# Records for this task
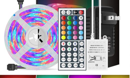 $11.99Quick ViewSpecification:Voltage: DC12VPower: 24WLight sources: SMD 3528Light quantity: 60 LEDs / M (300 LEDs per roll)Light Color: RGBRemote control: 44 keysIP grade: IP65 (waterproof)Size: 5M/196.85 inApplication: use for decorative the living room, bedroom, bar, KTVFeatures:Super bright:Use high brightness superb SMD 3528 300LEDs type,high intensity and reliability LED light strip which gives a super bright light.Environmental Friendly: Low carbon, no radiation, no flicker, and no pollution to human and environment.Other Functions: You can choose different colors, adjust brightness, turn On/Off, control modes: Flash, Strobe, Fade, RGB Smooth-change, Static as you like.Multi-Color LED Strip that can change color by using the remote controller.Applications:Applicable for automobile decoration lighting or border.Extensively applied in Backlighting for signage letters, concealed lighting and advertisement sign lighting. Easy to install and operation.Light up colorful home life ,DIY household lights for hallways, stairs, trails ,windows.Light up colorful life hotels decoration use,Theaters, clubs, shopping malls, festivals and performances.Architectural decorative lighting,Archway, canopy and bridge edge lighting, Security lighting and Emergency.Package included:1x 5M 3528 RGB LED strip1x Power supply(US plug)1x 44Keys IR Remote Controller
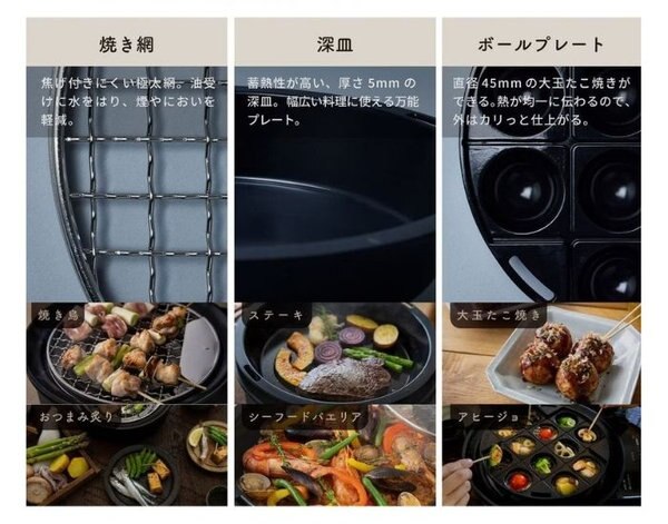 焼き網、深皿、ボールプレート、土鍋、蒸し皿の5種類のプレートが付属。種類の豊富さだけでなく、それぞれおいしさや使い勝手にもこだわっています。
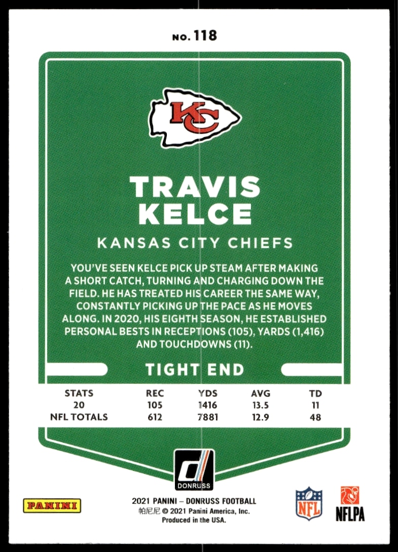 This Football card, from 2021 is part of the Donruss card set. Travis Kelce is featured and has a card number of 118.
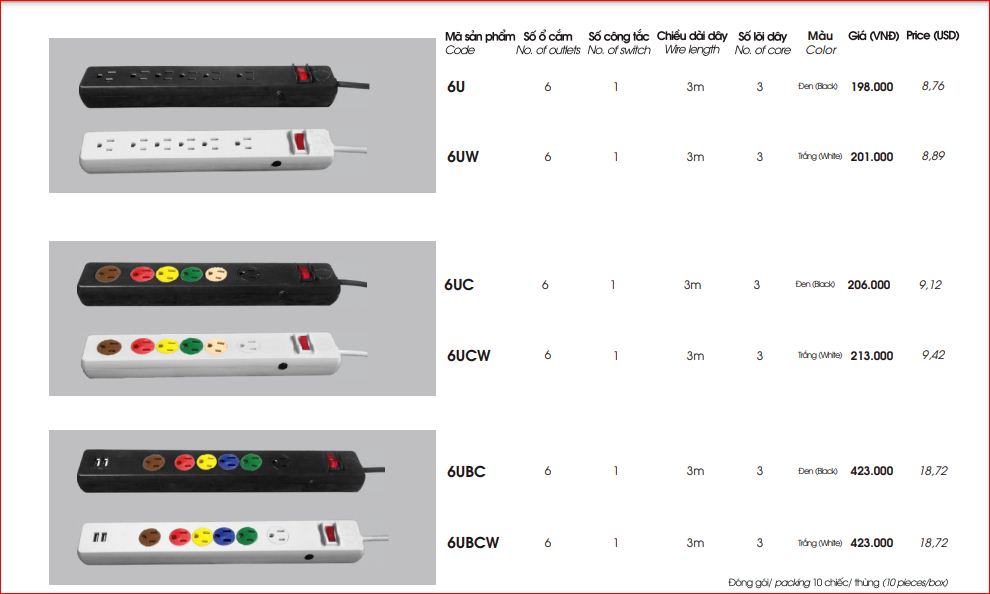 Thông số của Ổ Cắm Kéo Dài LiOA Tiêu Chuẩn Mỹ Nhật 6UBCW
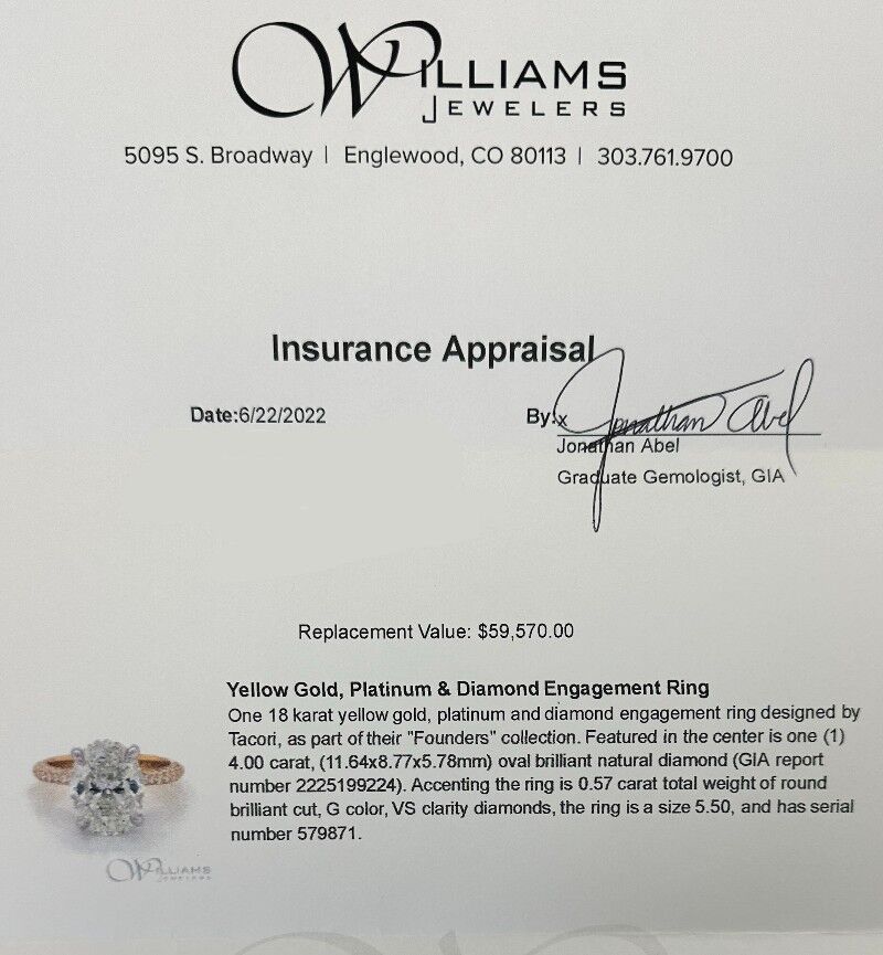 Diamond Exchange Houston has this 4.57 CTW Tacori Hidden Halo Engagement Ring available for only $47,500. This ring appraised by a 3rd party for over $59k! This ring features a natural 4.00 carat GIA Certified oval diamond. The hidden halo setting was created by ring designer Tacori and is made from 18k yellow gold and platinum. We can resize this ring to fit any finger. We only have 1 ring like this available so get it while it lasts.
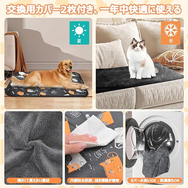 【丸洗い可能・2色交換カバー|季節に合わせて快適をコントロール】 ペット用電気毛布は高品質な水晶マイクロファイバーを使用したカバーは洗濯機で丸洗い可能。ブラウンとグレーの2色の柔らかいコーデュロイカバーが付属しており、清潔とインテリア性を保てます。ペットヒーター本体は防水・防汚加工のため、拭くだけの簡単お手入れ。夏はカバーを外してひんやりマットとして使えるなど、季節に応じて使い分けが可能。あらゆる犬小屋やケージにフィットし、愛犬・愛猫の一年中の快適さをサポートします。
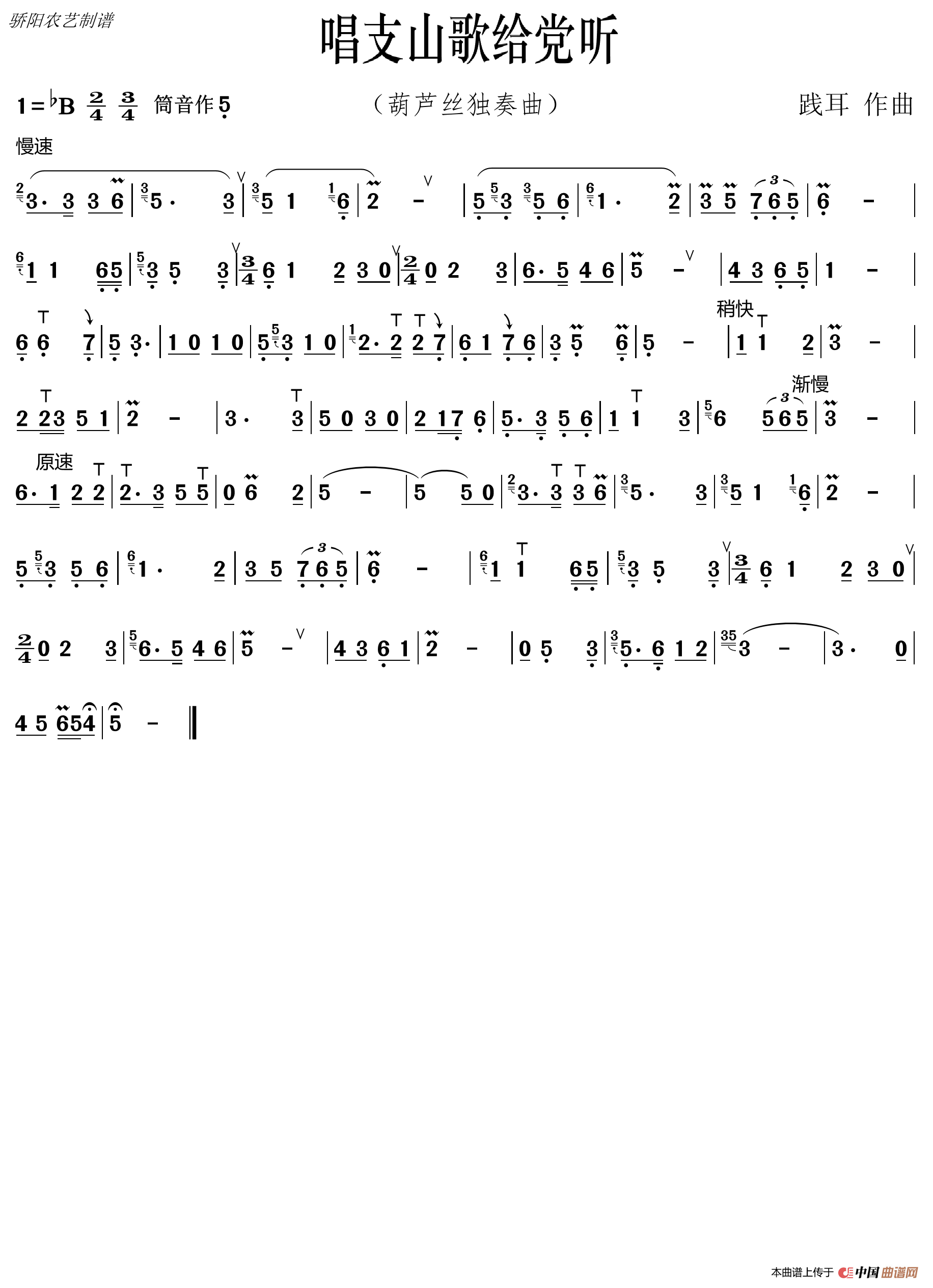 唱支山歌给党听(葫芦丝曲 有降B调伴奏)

# Exercise objective
All that is wanted is the lines from the one holding "This Football card, from" through the end of the material, duplicated exactly, with no pictures.

# Task solution
 This Football card, from 2021 is part of the Donruss card set. Travis Kelce is featured and has a card number of 118.
 Thông số của Ổ Cắm Kéo Dài LiOA Tiêu Chuẩn Mỹ Nhật 6UBCW
 Diamond Exchange Houston has this 4.57 CTW Tacori Hidden Halo Engagement Ring available for only $47,500. This ring appraised by a 3rd party for over $59k! This ring features a natural 4.00 carat GIA Certified oval diamond. The hidden halo setting was created by ring designer Tacori and is made from 18k yellow gold and platinum. We can resize this ring to fit any finger. We only have 1 ring like this available so get it while it lasts.
 【丸洗い可能・2色交換カバー|季節に合わせて快適をコントロール】 ペット用電気毛布は高品質な水晶マイクロファイバーを使用したカバーは洗濯機で丸洗い可能。ブラウンとグレーの2色の柔らかいコーデュロイカバーが付属しており、清潔とインテリア性を保てます。ペットヒーター本体は防水・防汚加工のため、拭くだけの簡単お手入れ。夏はカバーを外してひんやりマットとして使えるなど、季節に応じて使い分けが可能。あらゆる犬小屋やケージにフィットし、愛犬・愛猫の一年中の快適さをサポートします。
 唱支山歌给党听(葫芦丝曲 有降B调伴奏)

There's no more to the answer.